После саляма и обычных церемонных приветствий – «ваш покорнейший слуга»... «иншаала, вы здоровы»... «не встречаемся»... «такая уж немилость хезрет-э-валя и таково несчастье вашего покорнейшего слуги»... «одно с другим совпало» – Сиавуш-Мирза сказал:

– Товарищ, вы обо мне совсем забыли. К несчастью, я не знал вашего адреса и не мог удостоиться чести... К тому же не знал, в каком учреждении изволите служить, чтобы хоть там вас повидать.

– По счастью, – ответил Ферох, – я не служу ни в одном из этих учреждений, где собраны всякие подонки, воры и жулики. Я не отдам свою свободу за сотню мест и постов. Но я живу на улице... Если пожелаете сделать мне честь, можете во всякое время пожаловать ко мне.

– В ту ночь я от страха позабыл дать вам свой адрес. Дом вашего покорнейшего слуги на Хиабане Дервазэ-Казвин, возле... Мой отец шахзадэ К... все знают, и вы всегда можете найти. Но это на будущее, – добавил Сиавуш, беря Фероха под руку. – А сейчас, прошу вас, пойдемте в кафе «Лалезар», посидим немножко, поговорим.

Хотя Ферох и избегал всегда общества подобных франтов, ему все же не хотелось в эту минуту прогонять Сиавуша. Он подумал: «Может быть, в разговоре с ним я хоть немножко рассеюсь и успокоюсь».

Они направились в кафе, помещавшееся на Лалезаре, там, где сейчас находится типография «Роушенаи». Было шесть с половиной часов. Как ни трудно это было, а Тегеранское Баладие, у которого было тогда не больше ста поливальщиков улиц, ухитрялось все же поливать Хиабан Лалезар. Пыль осела, воздух был свеж и чист. Пройдя улицей Эмин-эс-сальтанэ и добравшись до южной части Лалезара, молодые люди вошли в кафе, где за столиками, разбросанными по разным уголкам сада, сидело уже много публики, угощавшейся мороженым и палудэ. Они тоже устроились в уголке под виноградной лозой, на выкрашенных в белый цвет стульях и спросили мороженого.

По мрачному лицу Фероха Сиавуш видел, что тот чем-то озабочен, и спросил о причине его задумчивости. Но Ферох не желал рассказывать о себе и промолчал.

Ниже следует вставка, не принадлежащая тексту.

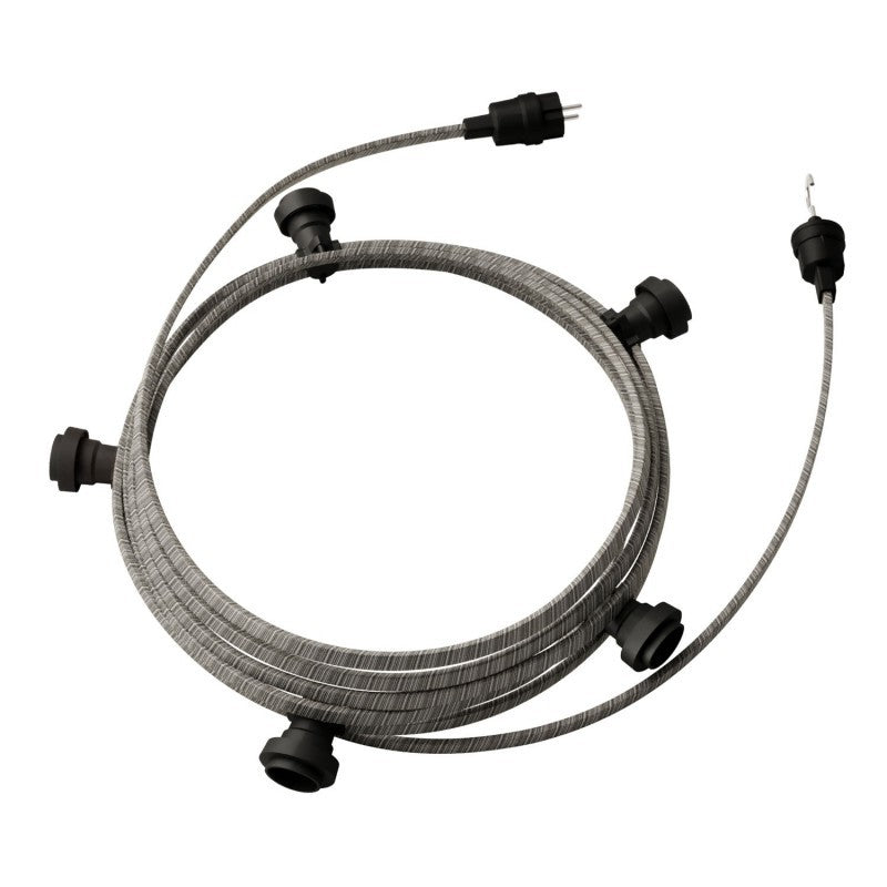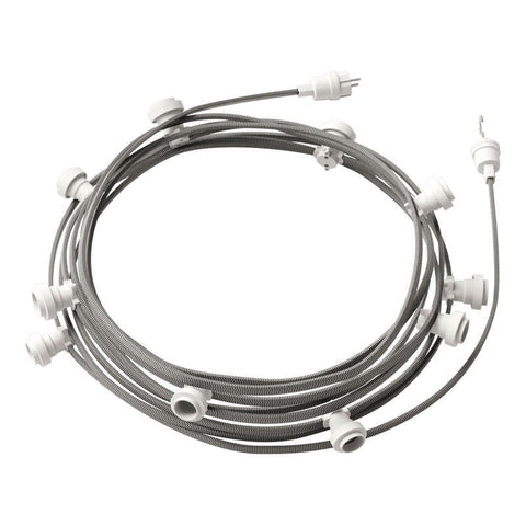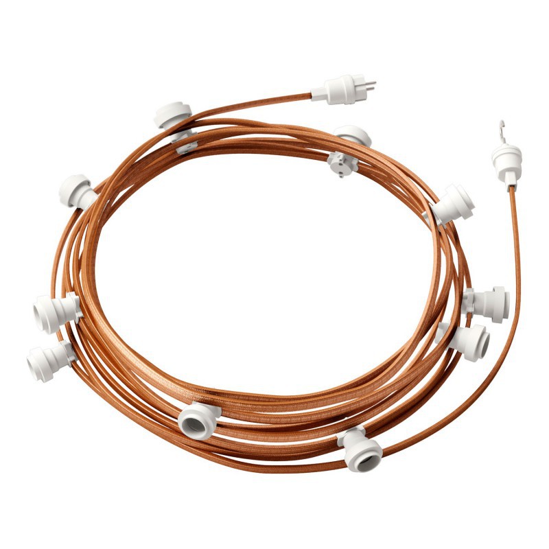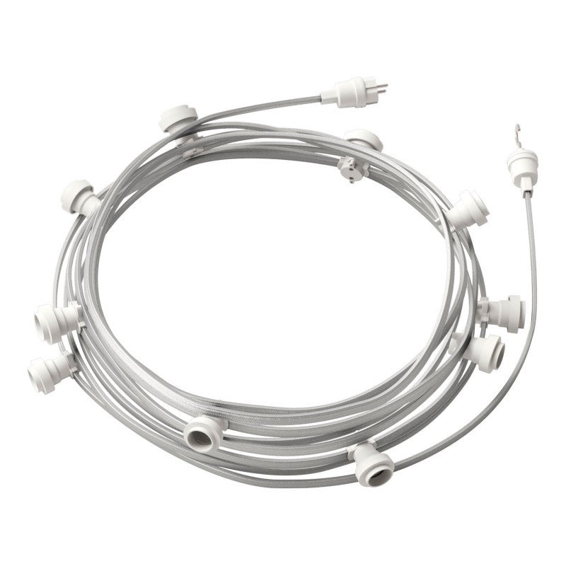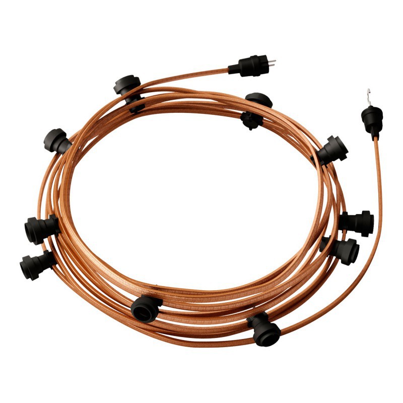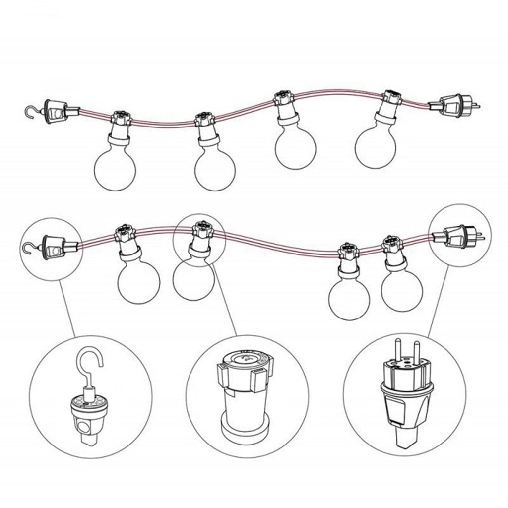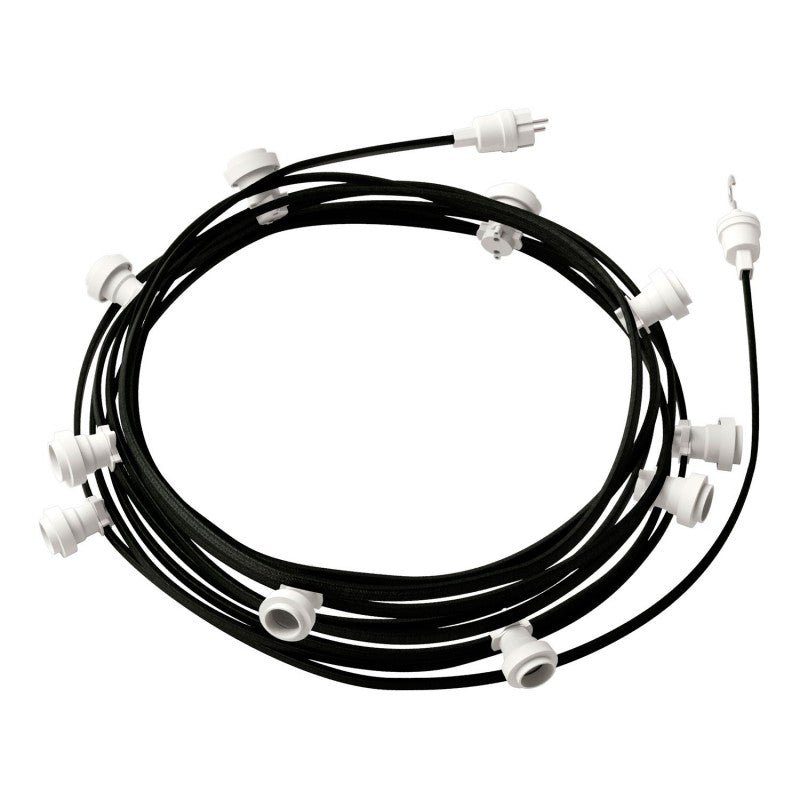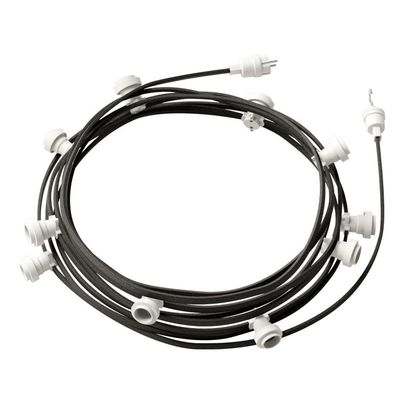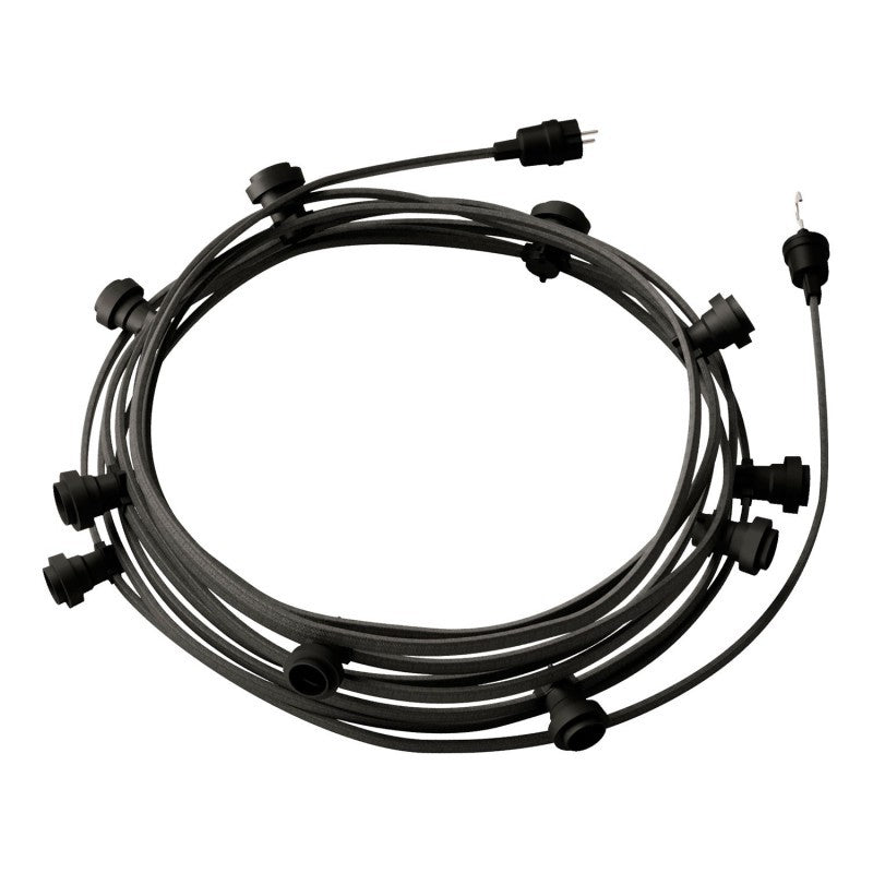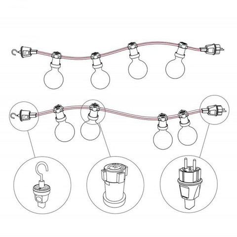 Descrição Sistema de iluminação grinalda exterior com cabo plano retangular têxtil incluindo os casquilhos E27, ficha e gancho de suporte.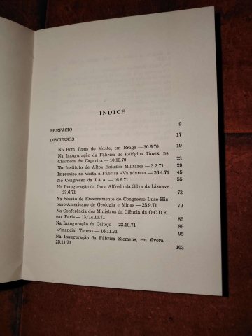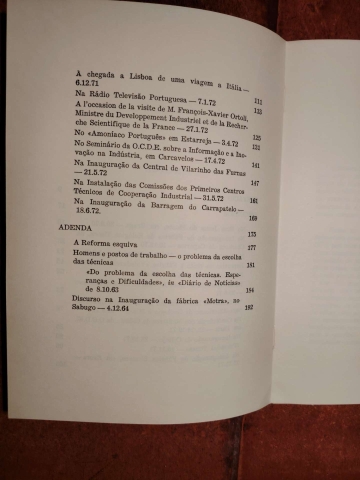 Do Prefácio: Reúnem-se neste volume os textos com que comuniquei com o público na parte final da minha passagem pelo cargo de Secretario de Estado da Indústria, exactamente desde o último que apareceu em «Caminho de País Novo», de meados de 1970, até à minha saída do governo em começos de Agosto de 1972. Em adenda acrescento alguns textos conexos.

Тогда Сиавуш, как и подобает сынкам ашрафов и богачей, заговорил о себе и тотчас же начал хвастаться. Он то говорил о великолепных имениях своего высокопоставленного отца, о том, какие у него модные кареты и коляски и сколько у него в конюшне лошадей, то блистал своей образованностью в области разных наук. Он говорил об эзотерических знаниях, то переходил к обществоведению, сильно напоминая того сомнительного поэта, который выдавал себя за подлинного писателя и знатока музыки, в то время как по писательской части занимался больше воровством, а в музыке смыслил так мало, что не знал даже известных песен «Бейяте-Шираз» и «Абу-Эта». Тем не менее он касался взглядов Канта, Дарвина, Карла Маркса, имена которых, должно быть, попались ему в газетах.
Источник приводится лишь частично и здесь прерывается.